Uriel's repeated words echoed in my head. It was not like a chant but the moment my mind started to draw away from the topic his words smoothly cut through any distracting thoughts. Just like all our previous meetings, it is always the same message: "You have to let go."

Music is not the method for me. His last attempt did conclude with me relaxing more but no where to the depth that he wants me to be.

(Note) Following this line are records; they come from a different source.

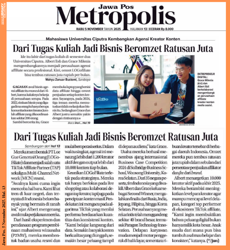 Keunikan LOGoFiliate terletak pada strateginya. Mereka tak hanya berfokus pada live shopping atau kolaborasi dengan top kreator, tapi juga pada penciptaan konten masif. Pendekatan ini mengacu pada algoritma Tik Tok yang menilai performa berdasarkan kuantitas dan konsistensi konten, “Kami belajar langsung dari data. Semakin banyak konten berkualitas yang diunggah, semakin besar peluang tampil didepan audiens” kata Grace.
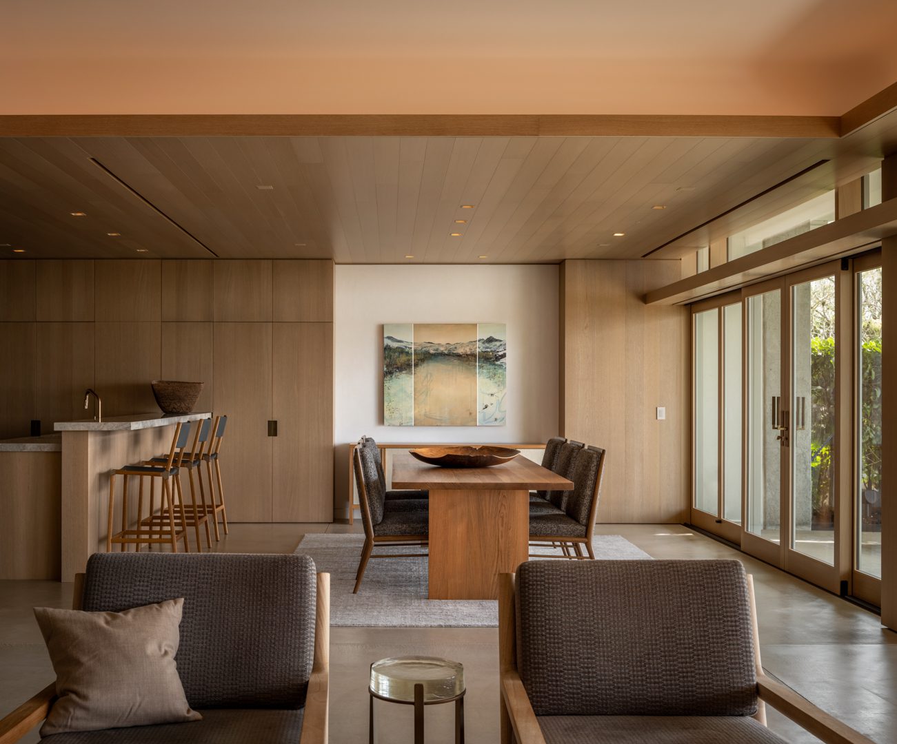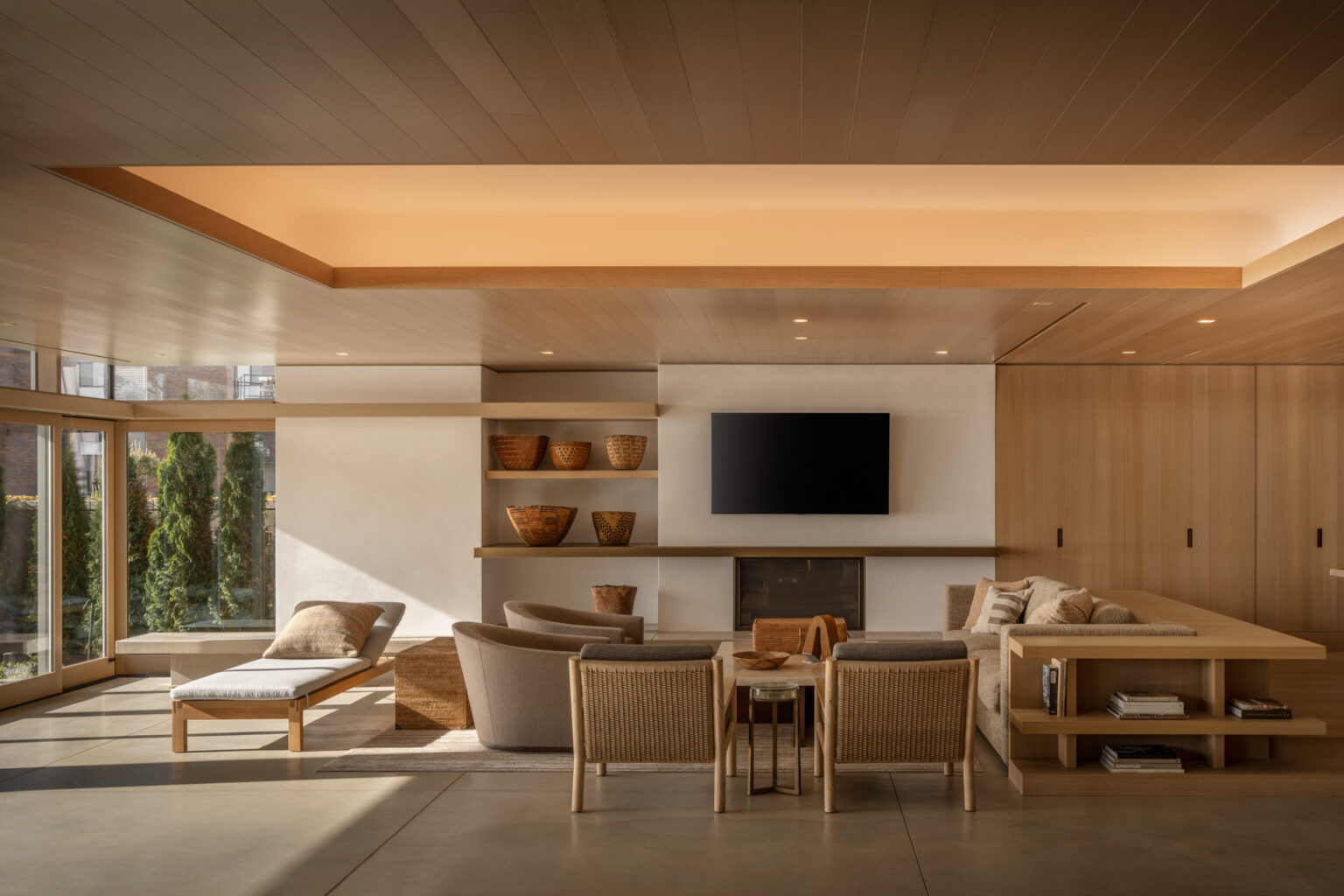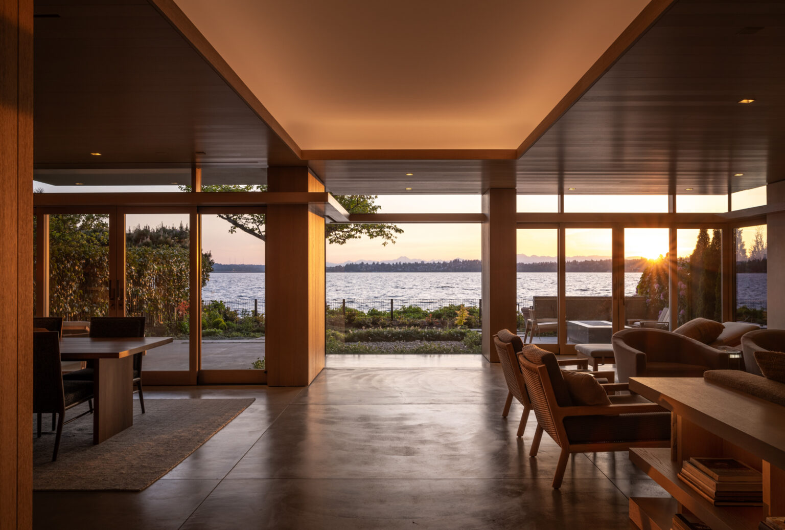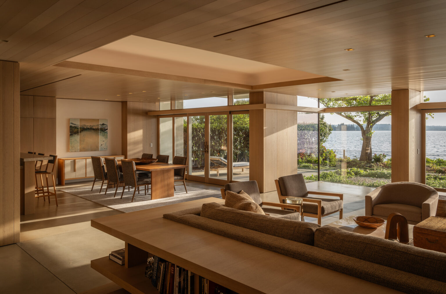 The interior palette – white oak panels and casework, warm-toned plaster walls, and lightly troweled concrete floors – echoes the natural tones of the Pacific Northwest while remaining neutral enough to serve as a backdrop for the dynamic play of light, water, and clouds outside.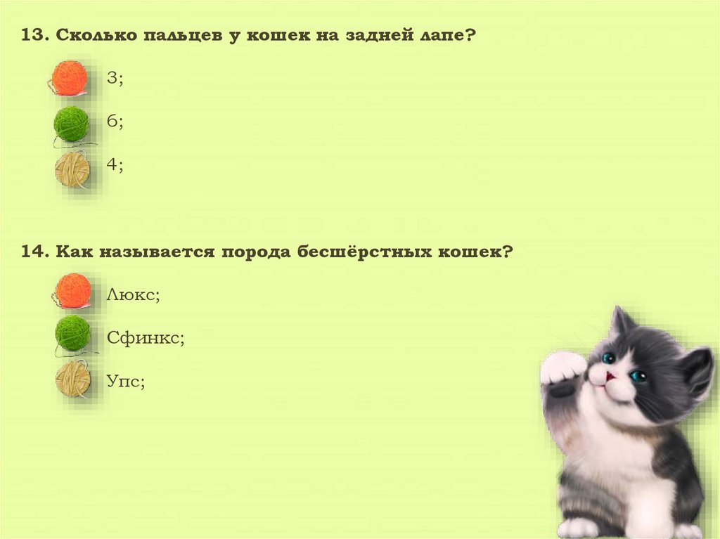 13. Сколько пальцев у кошек на задней лапе?3;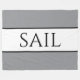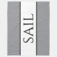 Esta moda, de diseño náutico, presenta un texto deportivo y moderno "SAIL" centrado dentro de una amplia franja blanca central resaltada con delgadas pinstripes negras adosadas a las franjas exteriores grises. Los colores y el texto de este diseño se pueden personalizar.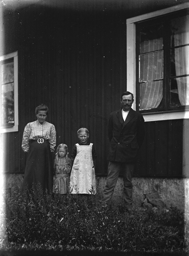 Familj med två döttrar, framför sitt hus, Västerås.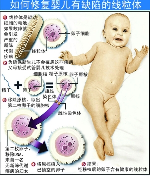 這項(xiàng)研究的重點(diǎn)是卵子細(xì)胞中的線粒體。線粒體游離于細(xì)胞質(zhì)中,是細(xì)胞進(jìn)行呼吸作用的場(chǎng)所,有細(xì)胞“動(dòng)力工廠”之稱。嬰兒胚胎中的線粒體遺傳自卵子細(xì)胞,如果母體線粒體本身有基因缺陷,新生兒就易出現(xiàn)肌肉萎縮、癲癇、中風(fēng)、糖尿病、失聰、失明、肝功能衰竭和智力發(fā)育遲緩等各類疾病。

To absolutly let go and to lose myself is a huge obstacle that I can not seem to climb over. I'm standing at the line where if I step over there would a flood gate of opportunities and abilities that I would have access to. I can feel the knowledge that hovers behind the line but it's the line that I can not cross no matter how much I try to force myself. I have to be in control; despite how easy going I can be with other people when it comes to myself I will not allow anything to move me only if I wish it. If there's something I want to do, I will do it: I make the decisions when it's about me.

I'm scared.

Every time I come to this topic I can feel the desire to move from this spot and push forward, however, I'm scared to make the drop. The rare moments I begin slip away from my control there is a sudden realization that I am doing so and I snap back in a tight grip. My heart is always racing and I can feel the fear.

Why? Why is it so hard to do something that everyone seems to grasp so easily?

"The world won't shatter if you let go."

But it will. There's a sudden realization of why I am so afraid to just let go. It's because I am afraid of the truth that I may find. That truth could shatter my entire world that I've come to terms with the last two years.

The words just pour out of my mouth, "I am afraid. I am afraid that everything I know, everything I learned and felt these past two years are not real. Not that these entities are noy real, I have no doubt with that truth. I am afraid that these relationships that I've re-created with my family is fake. I'm afraid that this person that I've apparently loved throughout my lives just created this elaborate storyline and fed me all these lies in order to entertain himself. And I'm hating myself for doubting him like this. I have hard proof from when he's channeled, my friends assuring with a level of amazement of how much he cares, these memories, all the days and nights where I call for his comfort and never hesitates to give it. But there is that what if.

I'm terrified that all this is lie."

I can feel as these words escape my mouth, Taran's entire body language changing beside me. I can feel the sudden surprise but also that he's taking in every single word I say, processing it. I know what I say hurts him, to have this doubt in him when he clearly does not a single strand of doubt in me. At the same time, he seems to understand and mules over the information I've given.

I just want to step off the edge, I do want to let go but the fear is holding me back.

"It's all right to let go. I will always be here to catch you." Despite my hurtful doubts, he still is here unwavering. How can he be this strong and unafraid?

I stare at the edge, the line, the wall. Please, I beg in my mind to whoever is listening, Don't let my world shatter.